Within a relatively short period, eutrophication has led to a reduction of almost 40% in the number of endemic whitefish species in Swiss lakes. Only in deep perialpine lakes least exposed to high nutrient inputs – such as Lakes Thun, Brienz and Lucerne – has the original diversity of endemic species been able to survive. But even these species have become less genetically distinctive. These findings are reported in a study by Eawag and Bern University researchers, published in Nature today.
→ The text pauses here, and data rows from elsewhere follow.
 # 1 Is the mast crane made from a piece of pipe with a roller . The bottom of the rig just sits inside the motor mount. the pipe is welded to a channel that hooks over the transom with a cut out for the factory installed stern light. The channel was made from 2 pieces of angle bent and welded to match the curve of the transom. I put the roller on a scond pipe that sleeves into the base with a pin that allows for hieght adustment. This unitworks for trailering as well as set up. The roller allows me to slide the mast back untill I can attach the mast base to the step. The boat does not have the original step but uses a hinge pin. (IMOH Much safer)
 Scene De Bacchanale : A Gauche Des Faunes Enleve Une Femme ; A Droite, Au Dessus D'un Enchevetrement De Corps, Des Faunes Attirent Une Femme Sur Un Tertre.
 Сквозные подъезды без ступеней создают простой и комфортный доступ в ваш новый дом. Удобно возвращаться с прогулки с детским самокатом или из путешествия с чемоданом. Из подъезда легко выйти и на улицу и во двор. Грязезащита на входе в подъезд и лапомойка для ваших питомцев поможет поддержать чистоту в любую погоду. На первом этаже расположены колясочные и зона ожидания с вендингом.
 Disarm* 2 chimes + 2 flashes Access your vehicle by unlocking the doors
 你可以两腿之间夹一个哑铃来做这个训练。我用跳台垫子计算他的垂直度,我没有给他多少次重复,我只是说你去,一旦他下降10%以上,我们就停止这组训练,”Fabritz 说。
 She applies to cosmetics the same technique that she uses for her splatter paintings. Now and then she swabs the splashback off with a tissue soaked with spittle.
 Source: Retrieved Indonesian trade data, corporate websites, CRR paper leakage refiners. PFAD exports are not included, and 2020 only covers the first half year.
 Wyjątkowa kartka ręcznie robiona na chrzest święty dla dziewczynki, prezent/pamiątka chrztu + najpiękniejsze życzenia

The decline in the diversity of whitefish species is not merely due to a loss of habitats. Rather, the disappearance of species has been largely caused by the hybridization of formerly distinct species. According to a study by scientists from Eawag and Bern University, this in turn can be explained by the eutrophication of Swiss lakes between 1950 and 1980: as the bottom and deep waters of many lakes were severely oxygen-depleted during this period, deep-feeding or deep-spawning species were deprived of their ecological niche. These specialists, which had evolved since the last ice age, had to move to shallower waters. Here, they interbred with related species, thus losing their genetic and functional distinctiveness within a few generations, in a process known as speciation reversal.
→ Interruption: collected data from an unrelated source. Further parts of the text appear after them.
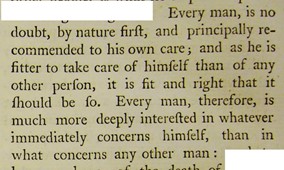 写真3は、人間の「利己心・自愛心」の正当性についての記述の抜粋である。上から2,3行目の“recommend to~”という表現は「~に託す、委ねる」という意味であり、現在の一部辞書では出てこないほどの古い表現である。ここでは、スミスの代表的な思想の1つである「自己利益の追求」について記されており、本書の重要ポイントといっても過言ではないだろう。
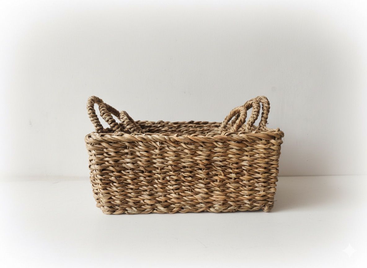 Storage basket made of braided seagrass in natural shade. Handles on both sides. Since this item is made of a natural material, the appearance may be different for each piece.
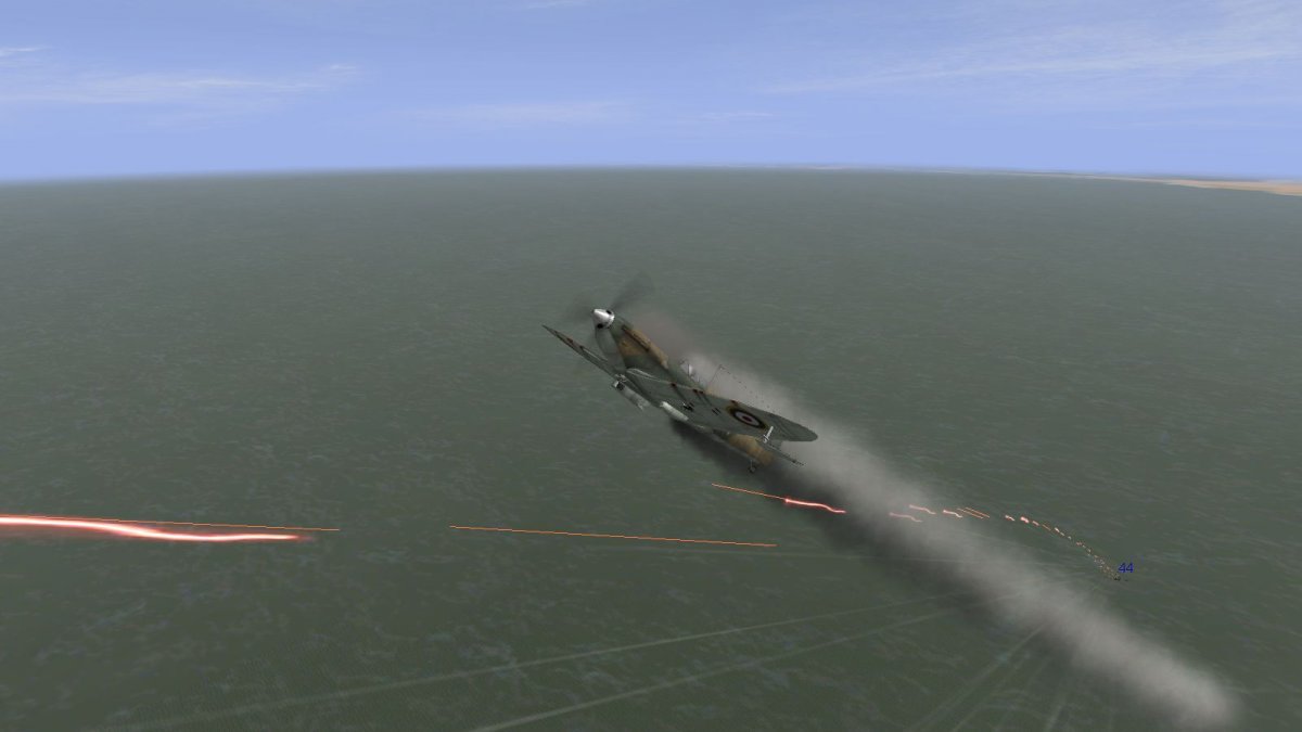 Я за RAF тружусь щас. Эмилио меня долбанул, как видишь, капитально. А я успел подставиться и с собой его забрал. Дело над Британией, 40й год кампания. Немец в лагерь, я снова в строй)) Люфтваффе "-2", как говорит Медведь) Вот, подловил он меня. На первых спитфайрах же обзора назад нет, я и попал в ощип:

As the paper published today in Nature[i] demonstrates, eutrophication levels not only account for the loss of species but are also responsible for the loss of differentiation among the surviving species. In the 17 pre-alpine lakes studied, the higher the maximum phosphorus concentrations recorded, the greater the loss of genetic diversity and specialization to particular water depths, spawning times or types of feeding among the remaining whitefish species. Evolutionary biologist Ole Seehausen, the lead author of the study, comments: "Speciation reversal appears to be more widespread than has previously been supposed; this process involves the rapid disappearance of species which evolved over thousands of years by adaptation to specific ecological conditions." This means that the protection of biodiversity requires not only the conservation of existing species, but the protection of ecological and evolutionary processes which assure the maintenance of specialists and promote the generation of new species.
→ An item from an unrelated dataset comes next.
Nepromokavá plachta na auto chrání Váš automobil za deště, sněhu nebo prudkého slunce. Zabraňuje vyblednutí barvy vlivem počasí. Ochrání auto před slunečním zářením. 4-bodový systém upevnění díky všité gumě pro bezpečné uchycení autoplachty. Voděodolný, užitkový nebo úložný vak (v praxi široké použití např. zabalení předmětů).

Whitefish – suitable objects of investigation
What makes whitefish special is the fact that there are at least 25 perialpine lakes which harbour between one and six endemic species – i.e. species found exclusively in the lake in question. In addition, good historical records and tissue samples exist for these species. This is not only because whitefish is a popular commercial fish, but in particular because whitefish from 17 of these lakes were scientifically studied and classified in a detailed study carried out 60 years ago. The same lakes have now been investigated once again by Seehausen's PhD student Pascal Vonlanthen (Eawag and Bern University): on average, the number of whitefish species has declined by 38%. In seven lakes, the original whitefish populations are now extinct and have been replaced by hatchery stocks (Lakes Geneva, Murten, Sempach, Baldegg, Hallwil, Greifen and Pfäffiker). The only study lakes not suffering any species loss were Lakes Thun, Brienz and Lucerne – deep perialpine waterbodies less seriously affected by eutrophication. In both Lake Walen and Lake Zurich, two of three historical whitefish species have survived, and four of five historical species are still found in Lake Constance. But among the extant species, there has been a strong decline of genetic and ecological distinctiveness and also of phenotypic variation.
Whitefish are regarded as a model organism by the scientists involved in the study. Seehausen, who is affiliated with both Bern University and Eawag, says: "We must assume that lake eutrophication has caused similar losses of diversity among other fish, and perhaps also among their invertebrate prey species." He also interprets this study as a warning to those in the fishing community who have recently called for the restriction of phosphorus elimination measures at wastewater treatment plants in the hope that fishing yields would be increased as a result of nutrient enrichment: "Even a slight rise in nutrient levels over the natural trophic state of a lake has an impact on species diversity. And if endemic species are lost as a result of eutrophication, this process cannot be reversed." Accordingly, in Seehausen's view, oligotrophic lakes in particular deserve special protection as unique reservoirs of biodiversity, where new species can evolve.